Killer tracked down by cold-case team admits to 1979 slaying

EVERETT — For three decades a killer hid his sins, evading justice.

On Friday in a Snohomish County courtroom, Gregory Johnson finally came clean.

The Seattle ex-con admitted that he fatally shot Susan Schwarz after breaking into her Alderwood Manor home on Oct. 22, 1979.

With the past catching up to him, Johnson, 58, faces a long stretch behind bars.

Because the slaying happened two years before the state Sentencing Reform Act, Johnson is expected to be sentenced to life in prison at a hearing scheduled for March. Superior Court Judge Larry McKeeman likely will make a minimum sentence recommendation. Ultimately it will be up to the state’s Indeterminate Sentencing Review Board to decide how long Johnson spends behind bars.

Under the plea agreement, Snohomish County deputy prosecutor Lisa Paul will recommend a nearly 25-year minimum prison term.

This is the first conviction in the cases featured in the county’s cold case playing cards. The decks, paid for under a grant from the Stillaguamish Tribe of Indians, were released in 2008 in hopes of generating new leads for unsolved homicides and missing persons cases dating back to the 1970s.

Schwarz is featured on the queen of hearts.

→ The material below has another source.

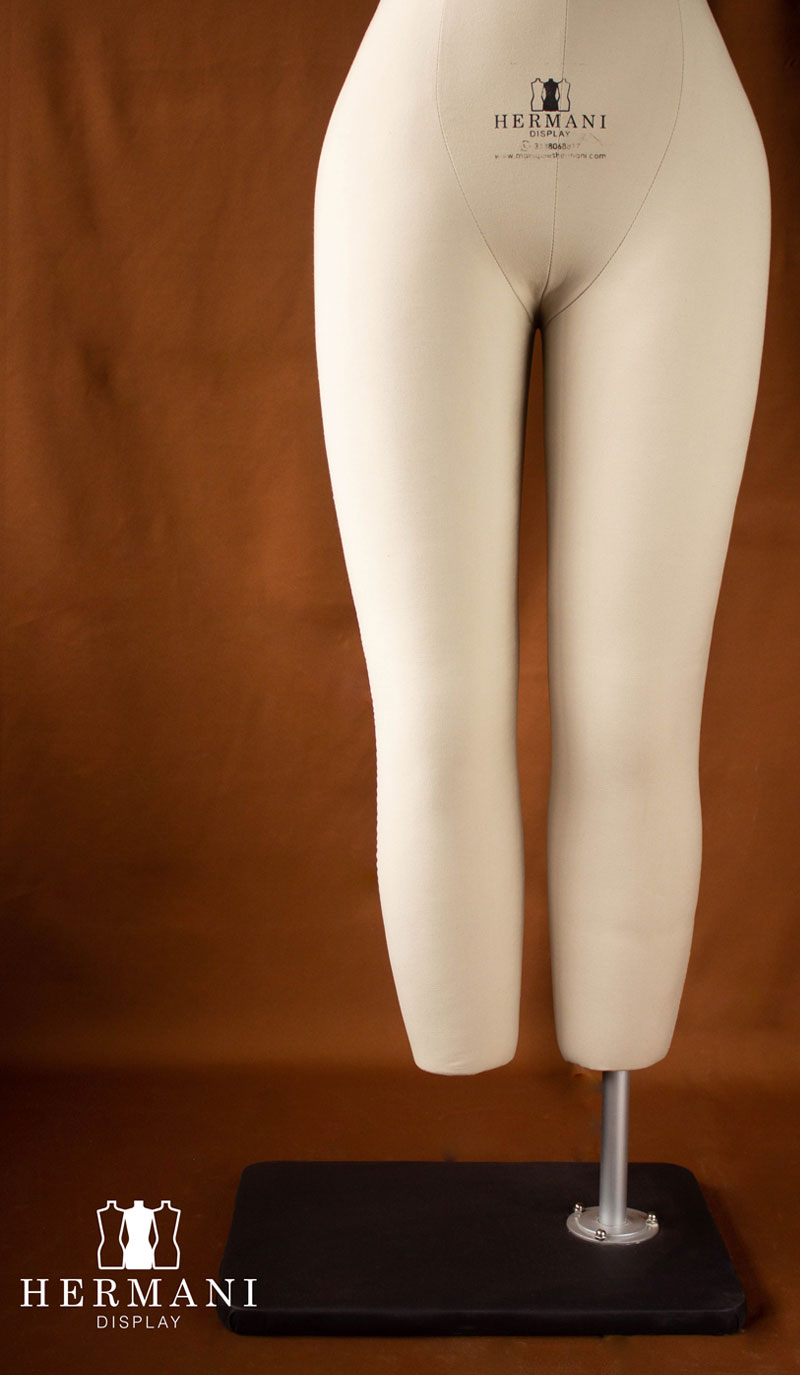 Bustos 3/4 Gabarit de Costura y Exhibición: Busto piernas 3/4 femenino para costura y diseño de prendas de vestir, tapizados o forrados en tela dril negro o beige, con o sin cintas de demarcación.

“This basically is the result of the hard work and dedication of our cold case team,” Sheriff John Lovick said Friday. “These are the kind of results we expected when we assigned people to investigate these types of cases.”

Lovick attended Friday’s hearing. The detectives who tracked down Johnson were there too, sitting behind the slain woman’s family.

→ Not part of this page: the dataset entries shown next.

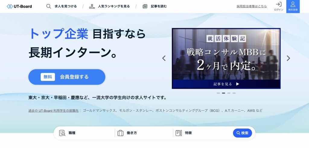 UT-Boardは、ハイクラス大学生に向けた長期求人インターンサイトです。
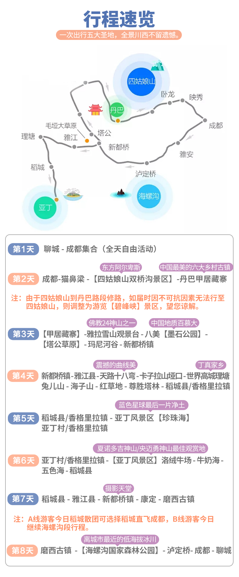 溫馨提示:A線游客今日稻城散團,可于今日退酒店后選擇稻城直飛成都結束本次旅行,B線游客今日繼續海螺溝段行程。
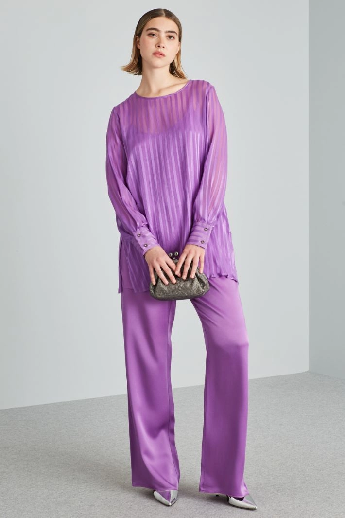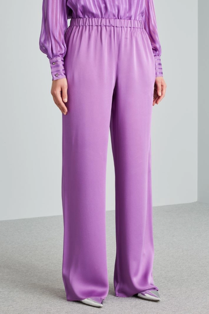 Palazzo trousers in shiny viscose blend envers satin, with elastic insert at the waist.
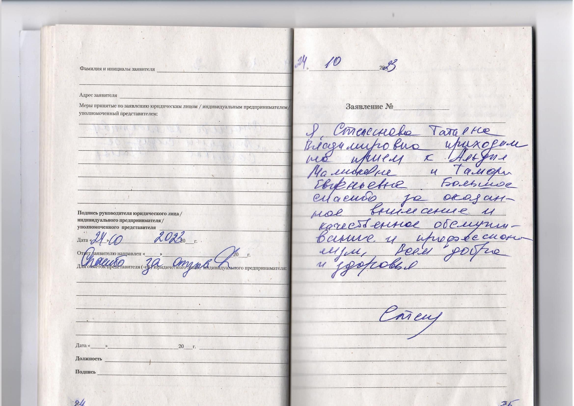 Я, Степанова Т.В приходила на прием к Альфие Маликовне и Тамаре Евгеньевне. Большое спасибо за оказанное внимание и качественное обслуживание и профессионализм. Всем добра и здоровья!
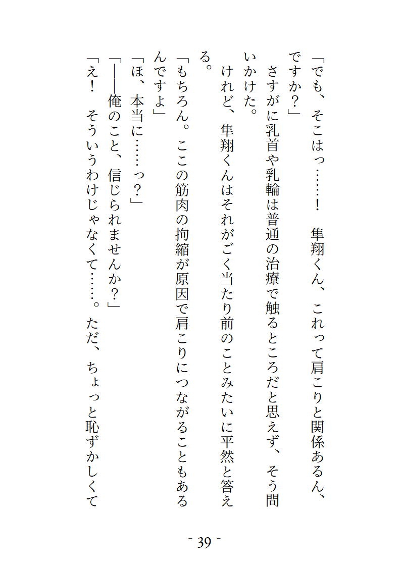 肩こり改善、整体マッサージのはずが、隼翔の指先は肩とは違うところばかりに触れてくる。

“We all wanted justice for Susan and her family. Today, after 32 years, we finally got some of that justice,” cold case detective Jim Scharf said.

Johnson, seemingly at ease in shackles, pleaded guilty to second-degree murder. His voice gave away no emotion as he admitted that he was responsible for the death of a young woman.

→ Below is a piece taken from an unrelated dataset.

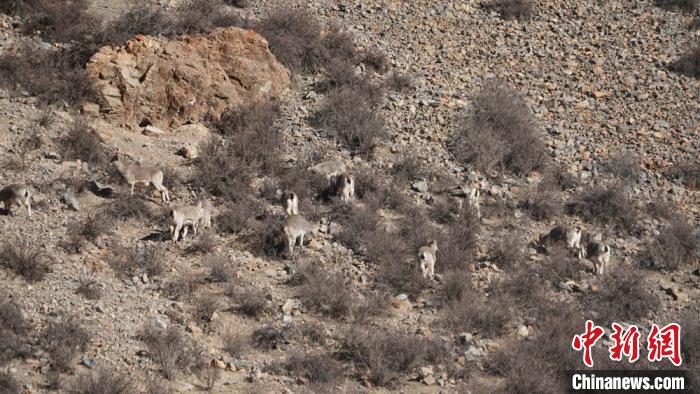 12月中旬,在地處祁連山區(qū)的甘肅肅南縣祁豐藏族鄉(xiāng)吊達(dá)坂附近,肅南縣融媒體中心記者拍攝到數(shù)群巖羊在公路旁的山坡上悠閑覓食。據(jù)目測,此次拍到公路旁覓食巖羊約有200多只。巖羊是國家二級重點保護(hù)野生動物,體型中等,形態(tài)介于野山羊與野綿羊之間。巖羊具有極高的攀巖技術(shù),可以在絕壁上自由跳躍,一跳可達(dá)二三米,因此也被稱為“巖壁上的精靈”。近年來,肅南縣深入推進(jìn)祁連山國家級自然保護(hù)區(qū)生態(tài)文明建設(shè),加強(qiáng)保護(hù)區(qū)管理,實施退牧還草等措施,當(dāng)?shù)厣鷳B(tài)環(huán)境逐步改善,民眾保護(hù)意識不斷增強(qiáng),使得當(dāng)?shù)匾吧鷦游飻?shù)量逐年增加。

Schwarz, 24, was a high school friend of Johnson’s estranged wife. Prosecutors believe Johnson resented Schwarz and blamed her for his marital problems. Prosecutors say he broke into her home, tied her up and shot her. He staged the crime scene to look like a burglary.

Then 26, Johnson was a suspect early on in the investigation.

He was questioned at least twice. The first time he told investigators that he’d been fishing with his brother in Edmonds the day of the shooting. Police weren’t able to confirm that alibi. Then in 1986 detectives questioned him in prison while he was serving time for a robbery. That’s when Johnson told detectives that he had dropped his brother and two other men outside a house to pull off a burglary on the day Schwarz was killed. He implicated his brother in Schwarz’s death.

Still with no answers, detective Barry Fagan handed the case off to Scharf 13 years ago, “because it was one of those horrific crimes that he couldn’t forget,” Scharf said.

Johnson’s name and statements are part of a large case file that cold case detectives have been poring over the past couple of years.

In March, they received a tip from an inmate who’d seen Schwarz’s cold case card. That helped them home in on Johnson.

About a month later detectives tracked down a woman who would provide the biggest break in the case. She admitted that she was with Johnson when he killed Schwarz.

The woman, who is identified in court papers only by her initials, is not being treated as a suspect. She told detectives she’d been physically abused by Johnson and threatened with death if she ever left him. The woman remains fearful of Johnson, Det. Patrick VanderWeyst wrote in court papers.

The woman, who was 18 when Schwarz died, has gone on to live a crime-free life, the detective added.

Cold case detectives arrested Johnson in April outside his Seattle apartment.

Johnson already has spent long stretches in prison. He was locked up from 1985 to 2000 for robbery. A few months after he was released he was sent back to prison for six years for drugs.

About a month after Johnson’s arrest, cold case detectives identified a suspect in two other unsolved cases — the 1995 slaying of Patti Berry and the disappearance and suspected homicide of Tracey Brazzel that same year. Investigators claim forensic evidence ties convicted sex offender Danny Giles to both cases. No charges have been filed against him. King County prosecutors last year filed a petition to hold Giles indefinitely as sexually violent predator. He remains behind bars at the Special Commitment Center on McNeil Island.

“Cold case investigations take a lot of patience and teamwork,” Scharf said. “Here at the sheriff’s office we have dedicated the resources to accomplish that difficult task and it’s paying off.”